“ But who will clean up their poop?”
In The Cats of Gokogu Shrine documentary auteur Kazuhiro Soda (Campaign) uses the lens of beautiful kitties to examine the passage of time in an aging, traditional community on the edge of Japan's Inland Sea. The small port of Ushimado is home to the ancient Shinto shrine of Gokogu, which in turn is home to a colony of stray cats. Despite their cuteness the animals have become a divisive issue: some citizens care for them, feeding them and running an elaborate catch-and-release desexing program; others complain about the mess and fear that their town will fall victim to the social media-driven touristification that has dramatically altered parts of Japan. Observing the quotidian rhythms of seasons and maintenance done by hand, Soda locates the complex undercurrents beneath an idyllic surface, and the compromises inherent in coexistence.
“Soda has developed into one of the discipline’s most interesting, and freest, artists”
“(Soda's) films demonstrate the value of consistency and repetition...he models a wise, compassionate, and easily replicable way of looking at the world”
“Absorbing and penetrating...an intimate, complex portrait”
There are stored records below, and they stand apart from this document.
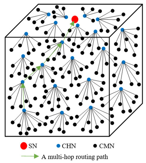 A number of works have shown that clustering routing protocols are effective and efficient in finding optimal routing paths for data transmission, which can save energy and extend the network lifespan [14,15]. The clustering routing protocols divide the whole network into lots of clusters. Every cluster is composed of a cluster head node (CHN) and some cluster member nodes (CMNs). After completion of the cluster formation, the CHN allocates channel resources for the CMNs in the same cluster, and the CMNs send data to the CHN based on the allocation, thereby decreasing collisions [16]. In every cluster, after the CHN receives the data sent by the CMNs, it fuses the received data, which can eliminate the redundant data and reduce the amount of data to be transmitted to the SN, thus contributing to energy conservation [4]. Moreover, the decreased data size reduces collisions during data transmissions. In addition, clustering routing protocols employ a CHN rotation mechanism and select CHNs in every round, which helps avoid the excessive energy dissipation of the selected CHNs, balance the energy consumption, and prolong the network lifecycle [17].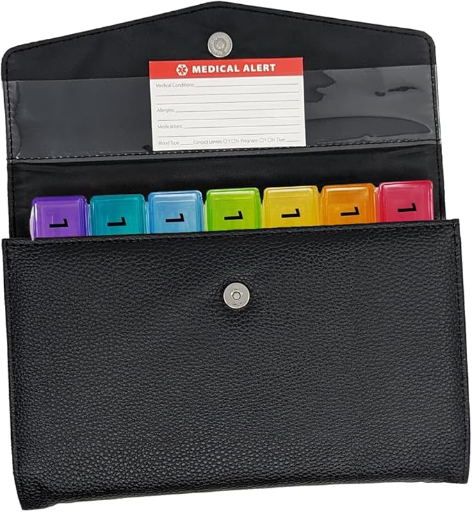 - Secure, Travel-Friendly Faux Leather Case – Durable, pebble grain textured wallet with a sleek magnetic closure keeps pill boxes safe and discreet on the go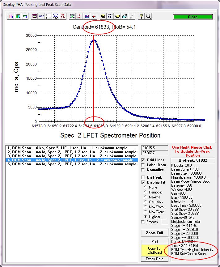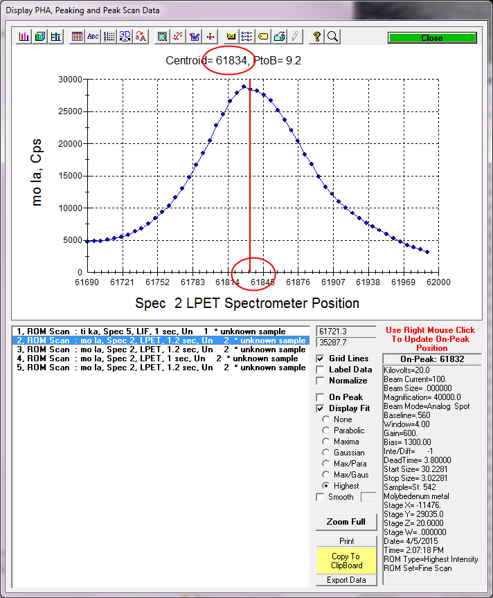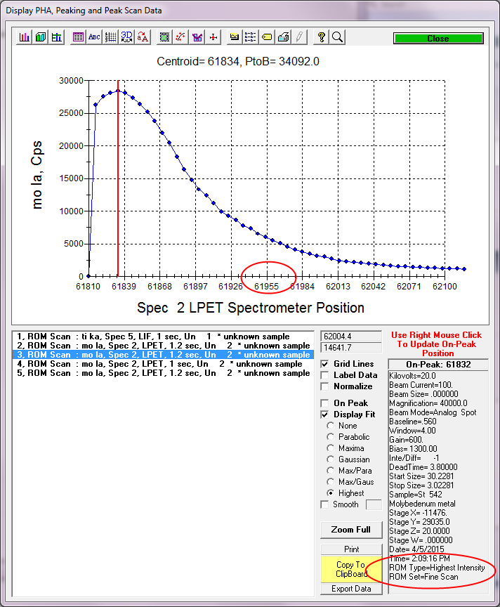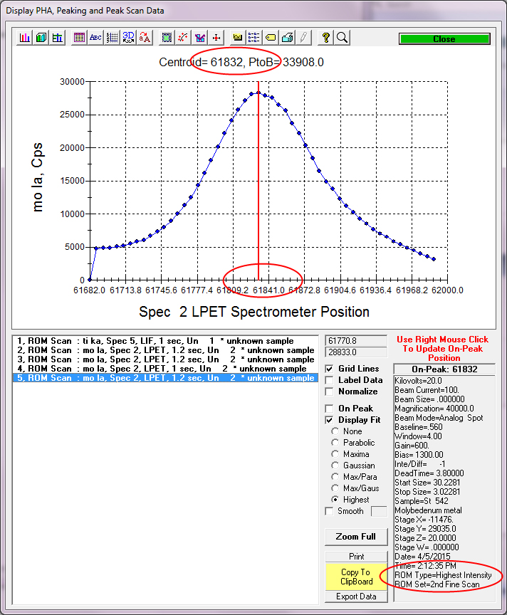 4. Note that it found the proper peak center of 61833. The 2nd fine scan then ran automatically as seen here: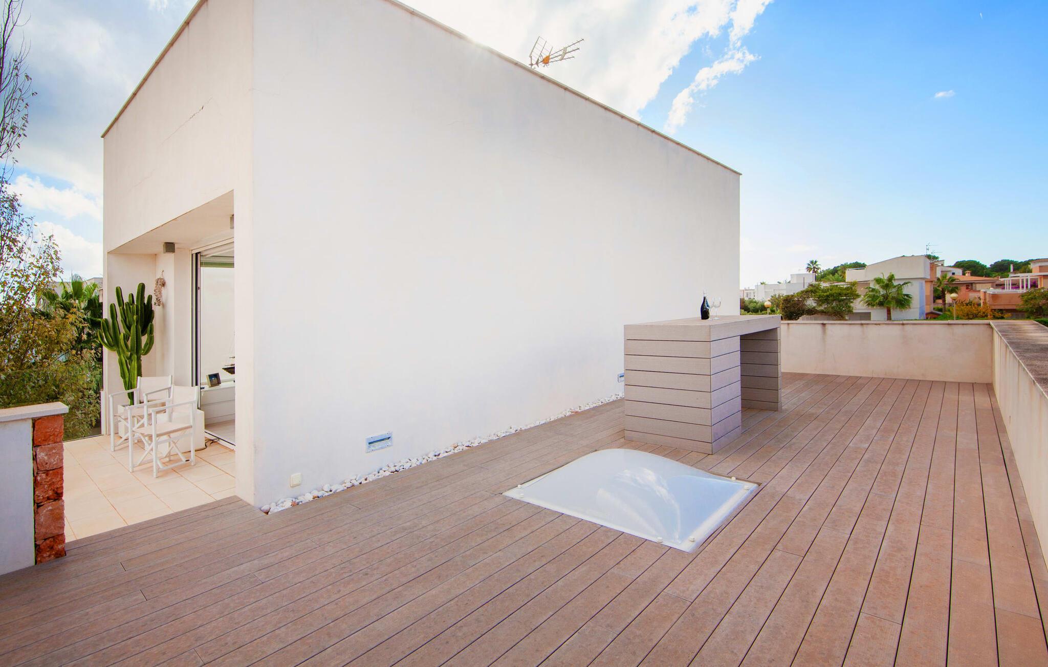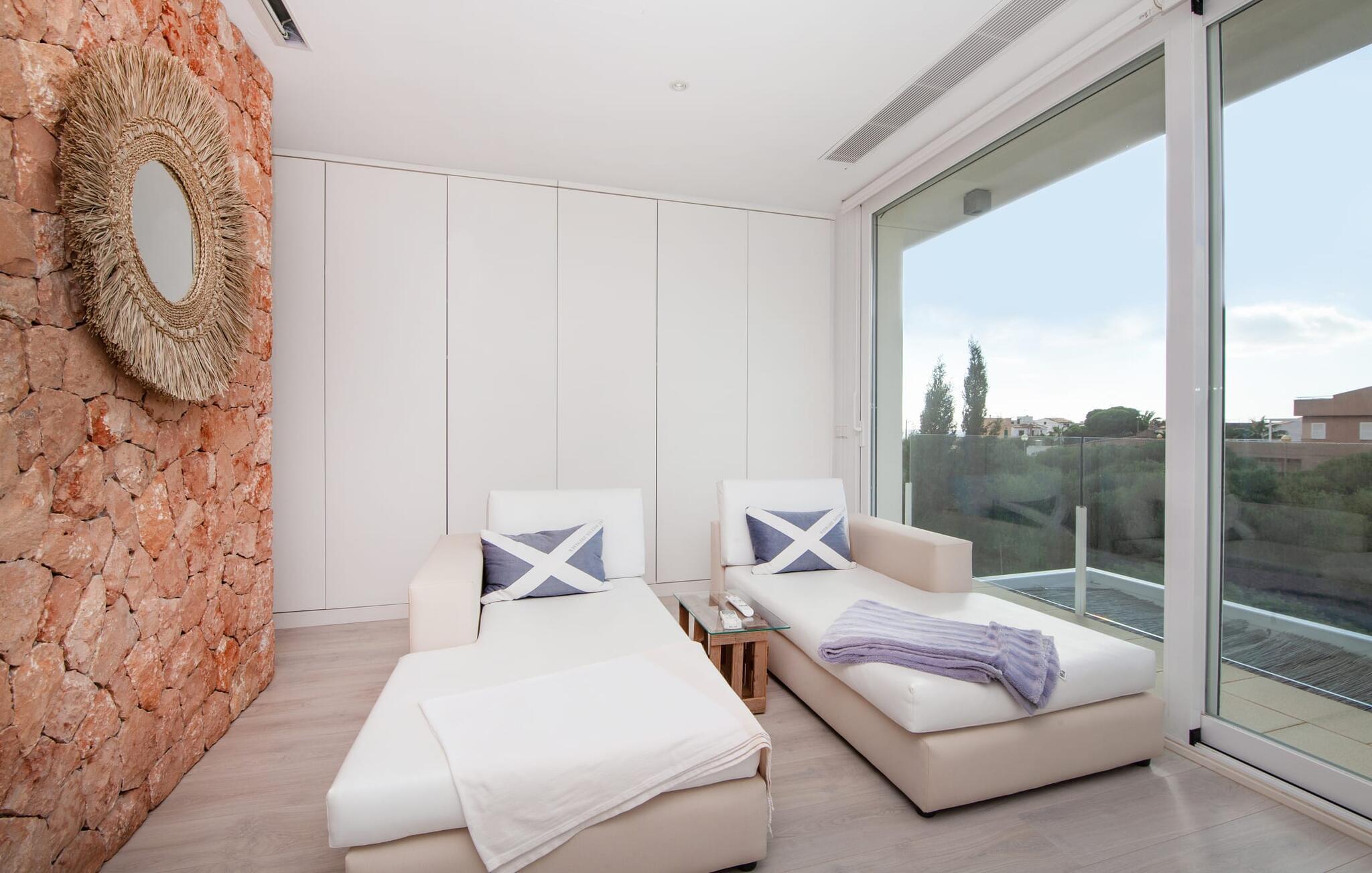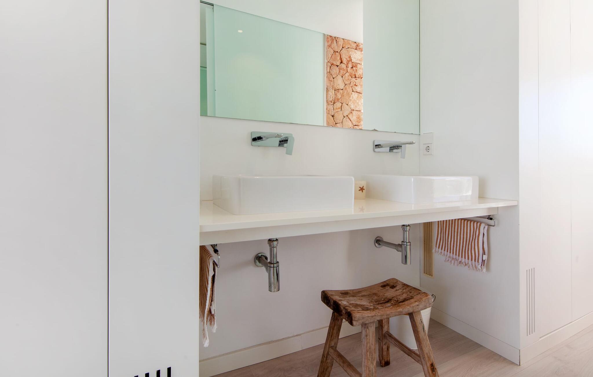 Denne kubeformede bondegården på Mallorca er et fantastisk sted for en bekymringsfri ferie ved havet. Den iøynefallende tilbygningen med fasade i naturstein kjennetegner det stilfulle hjemmet, som først og fremst ønsker å være én ting: individuelt. Plener og en mur med innsynsskjerm preger uteområdet, der det langstrakte bassenget er midtpunktet. Det lover herlig avkjøling på varme dager og er lett tilgjengelig via en trapp. For alle soldyrkere finnes det komfortable solsenger som enkelt kan plasseres på favorittstedet ditt, og hvor du kan nyte ferien i fulle drag. Den litt opphøyde terrassen rett ved siden av huset har en innbydende chill-out-lounge med utsikt over hagen og bassenget. På den andre siden av huset er det en annen veranda som tilbyr en like koselig plass, i dette tilfellet rett foran kjøkkenet.

This is Soda's tenth observational documentary feature, made using his Ten Commandments— a self imposed series of constraints such as “shoot for as long as possible” and “cover small areas deeply” that are intended to minimise preconceptions about the subject, opening the filmmaker and viewer up to rewards that can only come through looking and listening patiently. While the cats, along with the elderly townsfolk and kids who dote on/antagonise them, are incredibly charming, Soda avoids the trap of kawaii-Japan anthropology that smooths off the rough edges of a precarious existence. Moving, transportive and at times heartbreakingly real, The Cats of Gokogu Shrine is an intimate handcrafted look into a disappearing world.